Q Home comments on A single principle related to many Alignment subproblems?

Q Home 27 May 2025 8:17 UTC
1 point
0
Thanks for clarifying! Even if I still don’t fully understand your position, I now see where you’re coming from.
No, I think it’s what humans actually pursue today when given the options. I’m not convinced that these values are static, or coherent, much less that we would in fact converge.
Then those values/motivations should be limited by the complexity of human cognition, since they’re produced by it. Isn’t that trivially true? I agree that values can be incoherent, fluid, and not converging to anything. But building Task AGI doesn’t require building an AGI which learns coherent human values. It “merely” requires an AGI which doesn’t affect human values in large and unintended ways.
No, because we don’t comprehend them, we just evaluate what we want locally using the machinery directly, and make choices based on that.
This feels like arguing over definitions. If you have an oracle for solving certain problems, this oracle can be defined as a part of your problem-solving ability. Even if it’s not transparent compared to your other problem-solving abilities. Similarly, the machinery which calculates a complicated function from sensory inputs to judgements (e.g. from Mona Lisa to “this is beautiful”) can be defined as a part of our comprehension ability.
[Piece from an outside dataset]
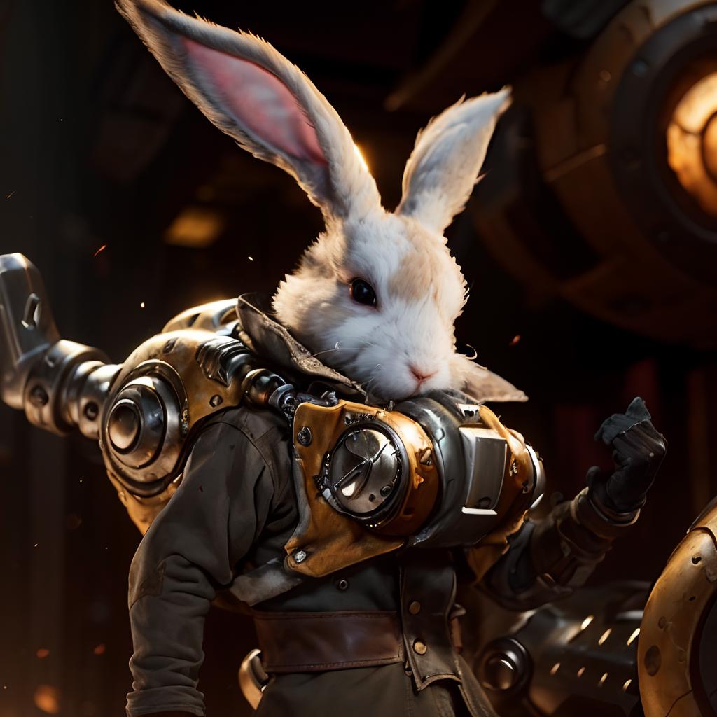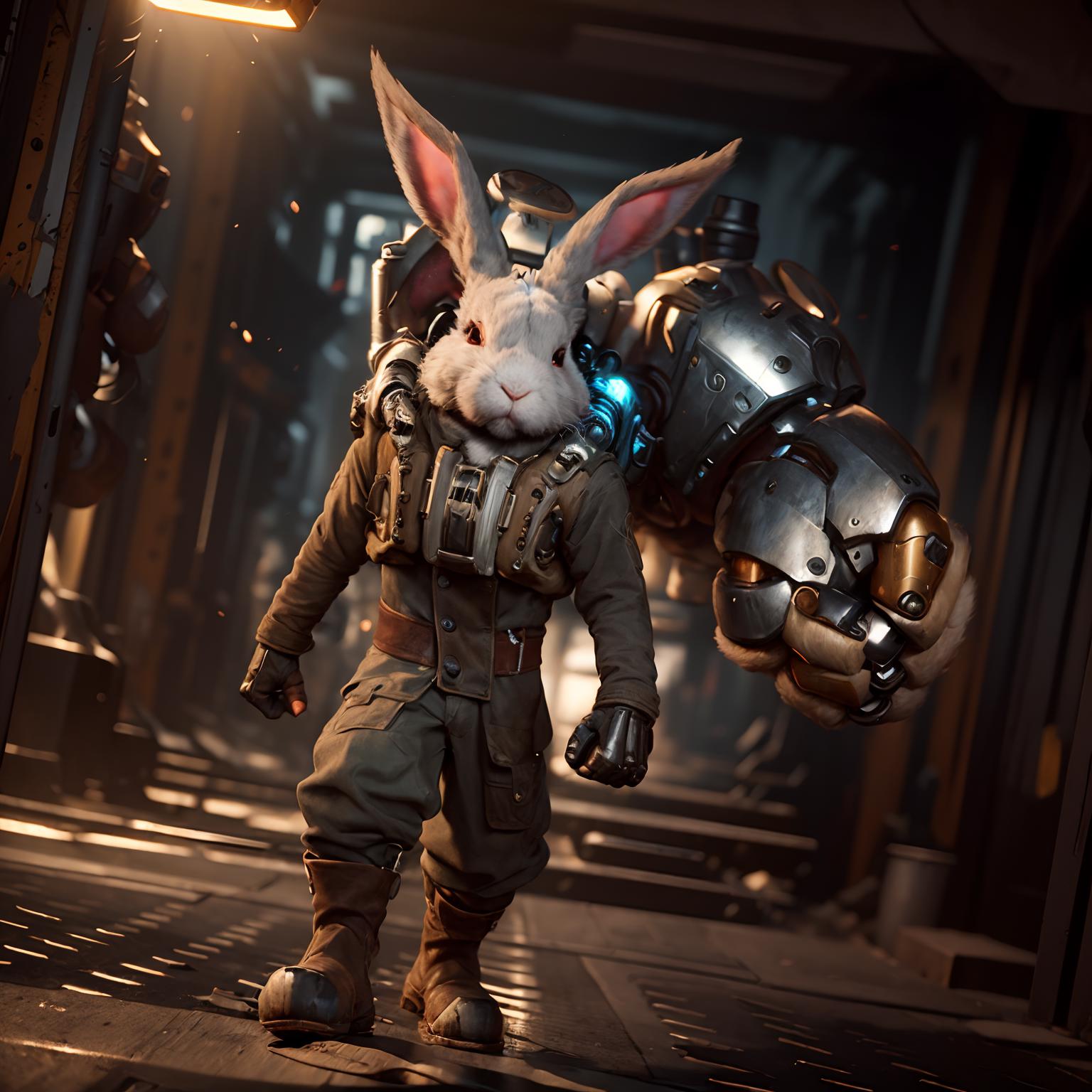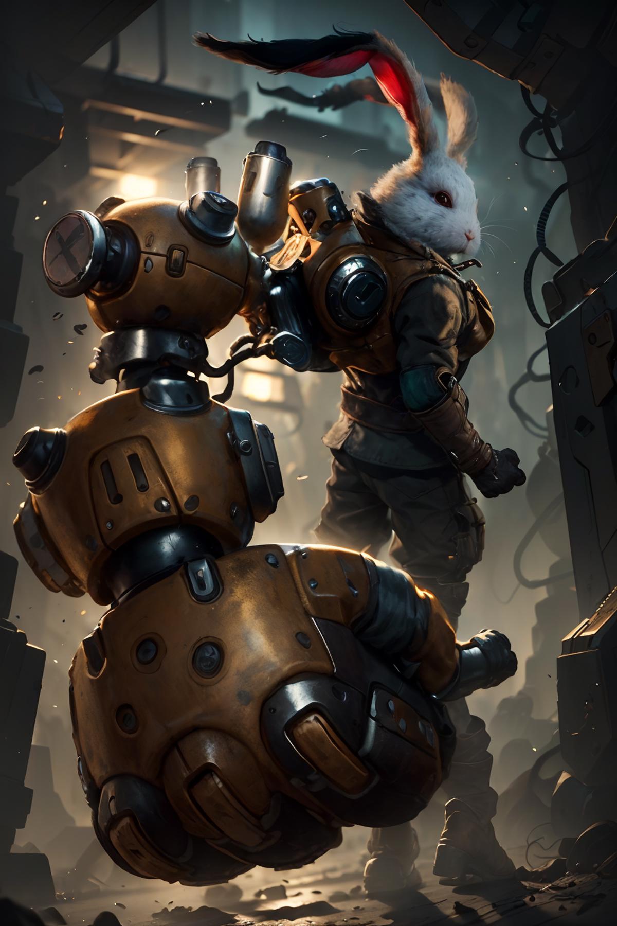 tu,rabbit,jacket,boots,(mechanical arm:1.4),rabbit ears,

Yes, humans don’t know (1) the internals of the machinery or (2) some properties of the function it calculates — but I think you haven’t given an example of how human values depend on knowledge of 1 or 2. You gave an example of how human values depend on the maxima of the function (e.g. the desire to find the most delicious food), but that function having maxima is not an unknown property, it’s a trivial property (some foods are worse than others, therefore some foods have the best taste).
That’s a very big “if”! And simplicity priors are made questionable, if not refuted, by the fact that we haven’t gotten any convergence about human values despite millennia of philosophy trying to build such an explanation.
I agree that ambitious value learning is a big “if”. But Task AGI doesn’t require it.